■ **What is needed**
A line below contains "The fault chart", and a later one contains "P0231 - Fuel". Repeat both, with every line between them, exactly.

■ **The data**
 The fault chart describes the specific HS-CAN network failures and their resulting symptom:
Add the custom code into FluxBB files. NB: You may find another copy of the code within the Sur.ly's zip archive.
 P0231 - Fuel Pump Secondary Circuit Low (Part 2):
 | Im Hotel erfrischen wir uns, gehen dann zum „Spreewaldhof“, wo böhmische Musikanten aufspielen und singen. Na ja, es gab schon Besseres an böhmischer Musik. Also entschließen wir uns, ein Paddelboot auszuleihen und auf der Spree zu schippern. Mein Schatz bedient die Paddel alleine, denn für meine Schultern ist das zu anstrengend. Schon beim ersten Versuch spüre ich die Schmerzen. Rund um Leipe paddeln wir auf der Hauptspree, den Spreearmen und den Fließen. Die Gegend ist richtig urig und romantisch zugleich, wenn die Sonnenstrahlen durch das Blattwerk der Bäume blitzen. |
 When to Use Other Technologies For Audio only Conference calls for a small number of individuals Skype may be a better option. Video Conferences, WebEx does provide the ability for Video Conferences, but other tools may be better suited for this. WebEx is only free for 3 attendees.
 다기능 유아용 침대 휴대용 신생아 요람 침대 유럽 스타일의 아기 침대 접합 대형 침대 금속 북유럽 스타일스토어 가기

---

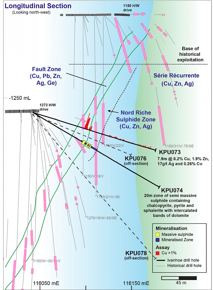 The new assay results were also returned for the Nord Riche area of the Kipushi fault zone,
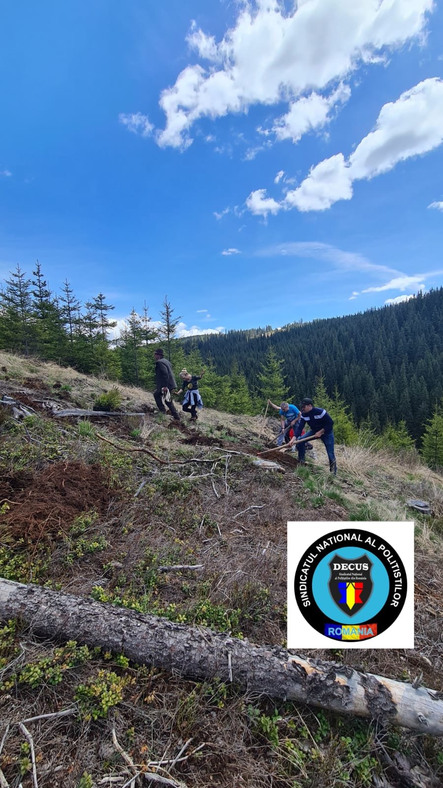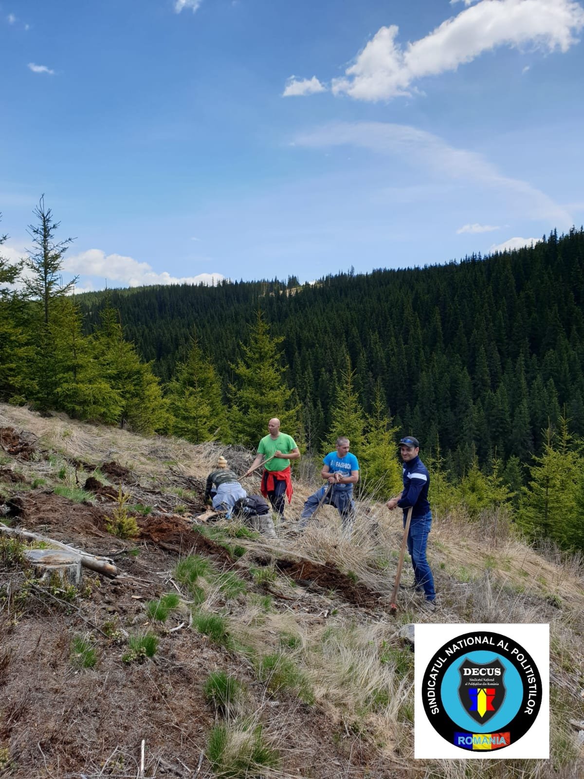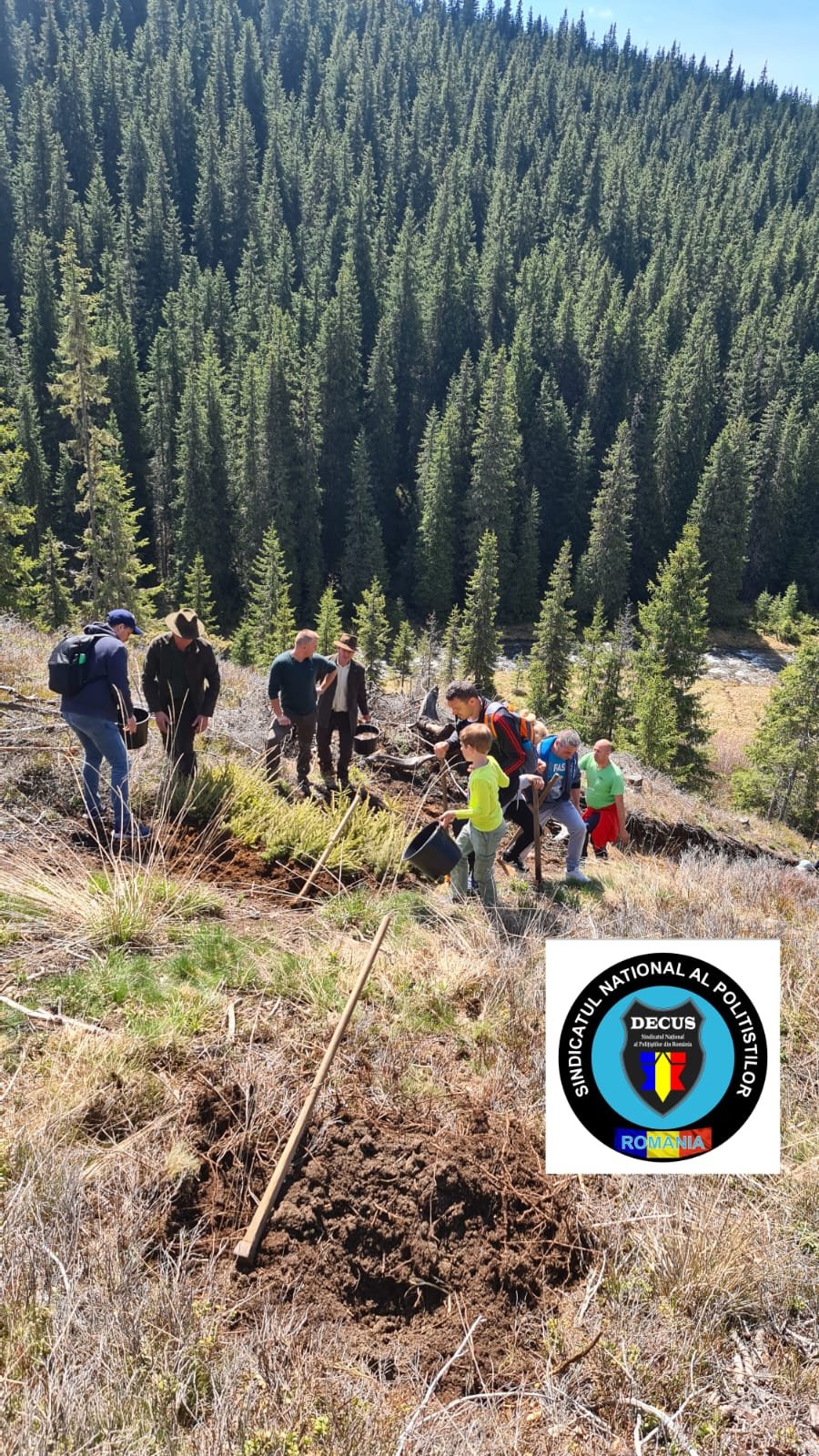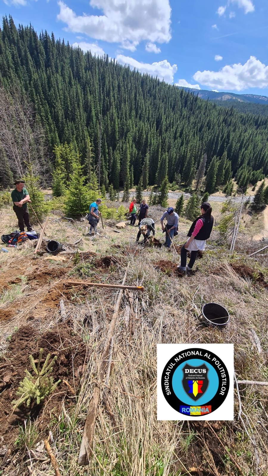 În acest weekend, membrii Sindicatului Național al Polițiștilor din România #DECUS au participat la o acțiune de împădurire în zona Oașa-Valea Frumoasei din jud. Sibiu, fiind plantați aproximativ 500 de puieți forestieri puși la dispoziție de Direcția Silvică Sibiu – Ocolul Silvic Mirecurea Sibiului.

■ **Response for this exercise**
 The fault chart describes the specific HS-CAN network failures and their resulting symptom:
Add the custom code into FluxBB files. NB: You may find another copy of the code within the Sur.ly's zip archive.
 P0231 - Fuel Pump Secondary Circuit Low (Part 2):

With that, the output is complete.